Sampai 2022 nanti, Inalum akan memperoleh 40 persen dari 'produksi setelah metal strip' yang merupakan eks-porsi Rio dan tambahan 18,72 persen 'dividen' eks-porsi pemerintah dan Indocopper Investama. Nantinya, mulai 2021 dividen secara bertahap akan dibagi dan mencapai puncaknya dan stabil mulai 2023.

“Mulai 2023 Inalum akan memperoleh 51 persen atas ‘dividen’ eks-porsi pemerintah,  Indocopper Investama dan Rio. Sesuai Long Term Development Plan PTFI, tahun 2019 dan 2020 tidak ada pembagian dividen,” ucap Budi kepada IDN Times.

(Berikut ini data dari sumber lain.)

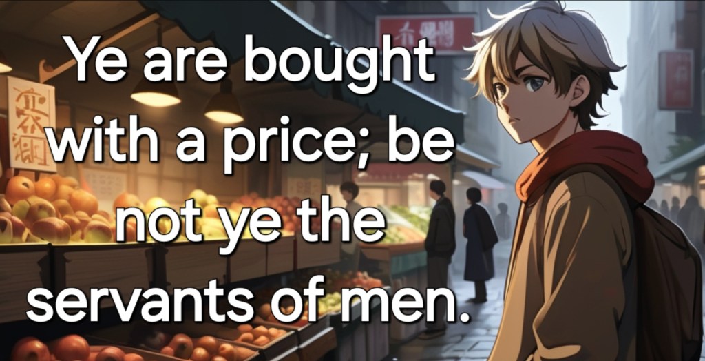 “[17] And if ye call on the Father, who without respect of persons judgeth according to every man’s work, pass the time of your sojourning here in fear: [18] forasmuch as ye know THAT YE WERE NOT REDEEMED WITH CORRUPTIBLE THINGS, as silver and gold, from your vain conversation received by tradition from your fathers; [19] BUT WITH THE PRECIOUS BLOOD OF CHRIST, as of a lamb without blemish and without spot: [20] who verily was foreordained before the foundation of the world, but was manifest in these last times for you, [21] who by him do believe in God, that raised him up from the dead, and gave him glory; that your faith and hope might be in God. [22] Seeing ye have purified your souls in obeying the truth through the Spirit unto unfeigned love of the brethren, see that ye love one another with a pure heart fervently: [23] being born again, not of corruptible seed, but of incorruptible, by the word of God, which liveth and abideth for ever. [24] For All flesh is as grass, And all the glory of man as the flower of grass. The grass withereth, and the flower thereof falleth away: [25] But the word of the Lord endureth for ever. And this is the word which by the gospel is preached unto you.” 1 Peter 1:17-25

Baca Juga: Memahami Sejarah Panjang Kontrak Freeport di Indonesia

4. Mimpi yang menjadi kenyataan

52 Tahun Freeport, Jalan Berliku ke Pangkuan Ibu Pertiwi(Lokasi tambang PT Freeport) ANTARA FOTO/Muhammad Adimaja

Momen bersejarah lainnya dalam penguasaan aset adalah tanggal 27 September 2018. Inalum dan para pihak yang terkait melanjutkan proses HoA dengan SPA. Dengan penandatanganan SPA dan perjanjian terkait tersebut, pemerintah resmi menguasai 51 persen saham PT FI.

Setelah itu, Inalum tinggal membayar US$3,85 miliar atau sekitar Rp55 triliun kepada parapihak terkait, termasuk McMoRan. Jika tidak ada halangan, uang itu akan dibayarkan akhir November 2018.

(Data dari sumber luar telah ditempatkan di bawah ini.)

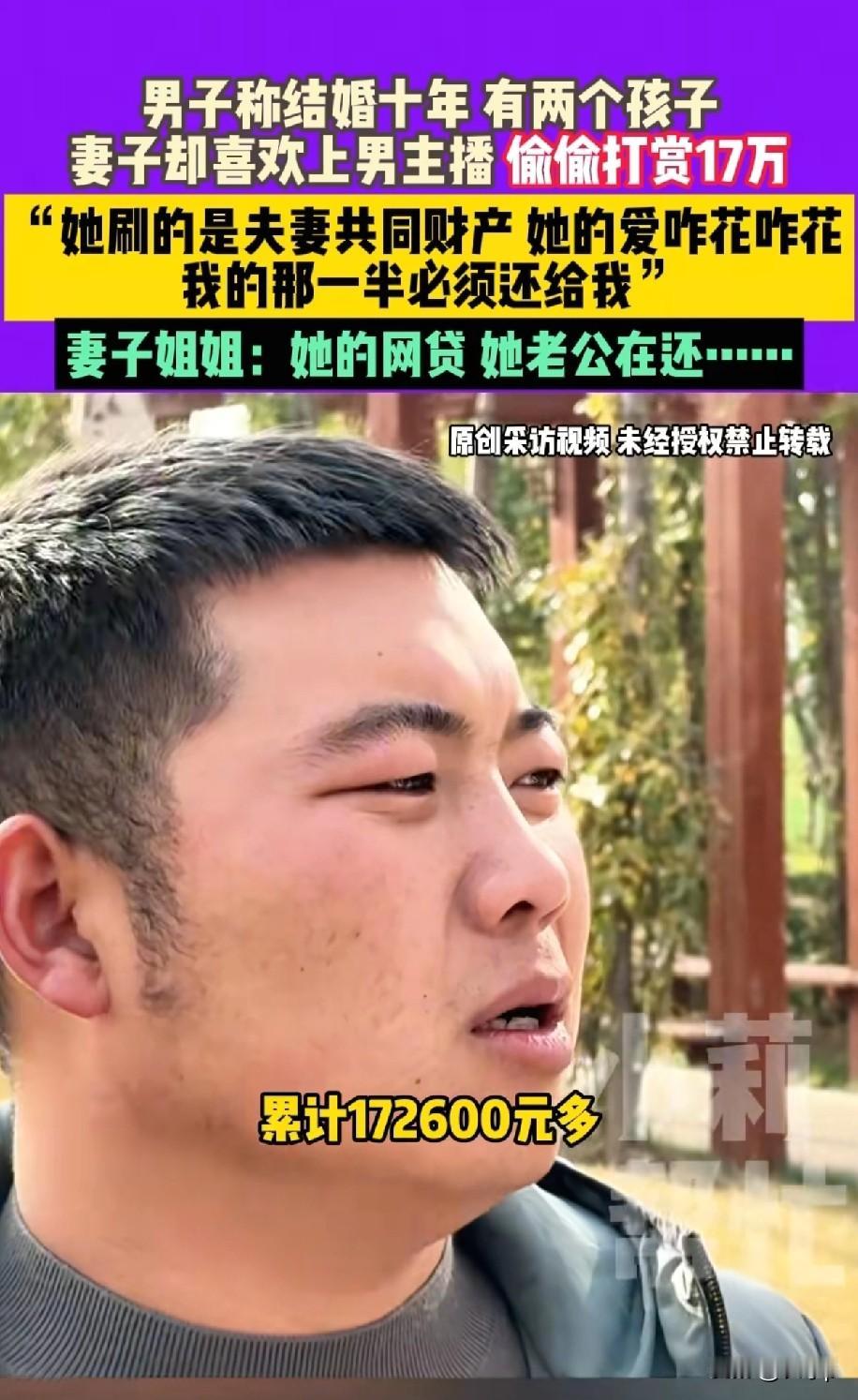 郑州女子瞒着丈夫打赏主播17万 男子找到主播公司要求退还打赏的一半 因为他妻子打赏的是他们夫妻共同财产 本来因为买房子有了外债,因为打赏主播又借了网贷,现在都是她丈夫在还 结婚都十年了,也有了俩孩子 这位女子也是没谁了,话又说回来 主播有没有责任呢?他是怎么加上这位女子的微信呢,结果不言而喻,就是想通过平常暧昧的聊天达到长期稳定的打赏,他们以为她可能是个富婆 现在知道了她并不是 现在还面临着退款的责任 平时看看就得了,大家挣钱都不容易 这么多钱留着给自己的孩子不好吗

Menteri Keuangan Sri Mulyani mengucapkan selamat kepada semua pihak yang terlibat dalam proses pengambilalihan saham ini. Ucapan itu dia sampaikan baik kepada Menteri BUMN Rini Soemarno, Menteri ESDM Ignasius Jonan, Direktur Utama Inalum Budi G Sadikin dan juga Menteri Lingkungan Hidup dan Kehutanan Siti Nurbaya.

Sri Mulyani juga menambahkan perjuangan mendapatkan 51 persen saham PT FI tidaklah mudah. Mulai dari lamanya negosiasi hingga persiapan detail. Tapi dengan niat baik pemerintah Indonesia dan petunjuk dari berbagai pihak, termasuk Richard Adkerson selaku CEO Freeport McMoRan Inc, SPA bisa diteken.

“Seluruh proses ini luar biasa bagi RI, di bawah leadership Pak Jokowi yang minta kita sebagai menteri untuk negosiasikan atas nama RI dengan kepala tegak dan tahu persis apa yang kita perjuangkan, detail dan transparan. Dan kita semua sampaikan secara terbuka ke Freeport-McMoran,” kata Menkeu, di sela-sela penandatanganan SPA PT FI.  

5. Sejarah kontrak Freeport hingga akhirnya dikuasai Indonesia

52 Tahun Freeport, Jalan Berliku ke Pangkuan Ibu PertiwiIDN Times/Sukma Shakti

Baca Juga: Blak-blakan, Dirut Inalum Jawab Pertanyaan Soal Freeport

6. Dimulai dengan Kontrak Karya

52 Tahun Freeport, Jalan Berliku ke Pangkuan Ibu Pertiwi(Lokasi tambang PT Freeport) ANTARA FOTO/Muhammad Adimaja

Pada 1967, pemerintah Indonesia menerbitkan Kontrak Karya I untuk PT FI. Kontrak tersebut menjadi dasar penyusunan Undang-undang Pertambangan Nomor 11 Tahun 1967. Dalam perjanjian itu, PT FI berhak mengeksplorasi dan mengeksploitasi 10 ribu hektare lahan konsesi di Kabupaten Mimika selama 30 tahun.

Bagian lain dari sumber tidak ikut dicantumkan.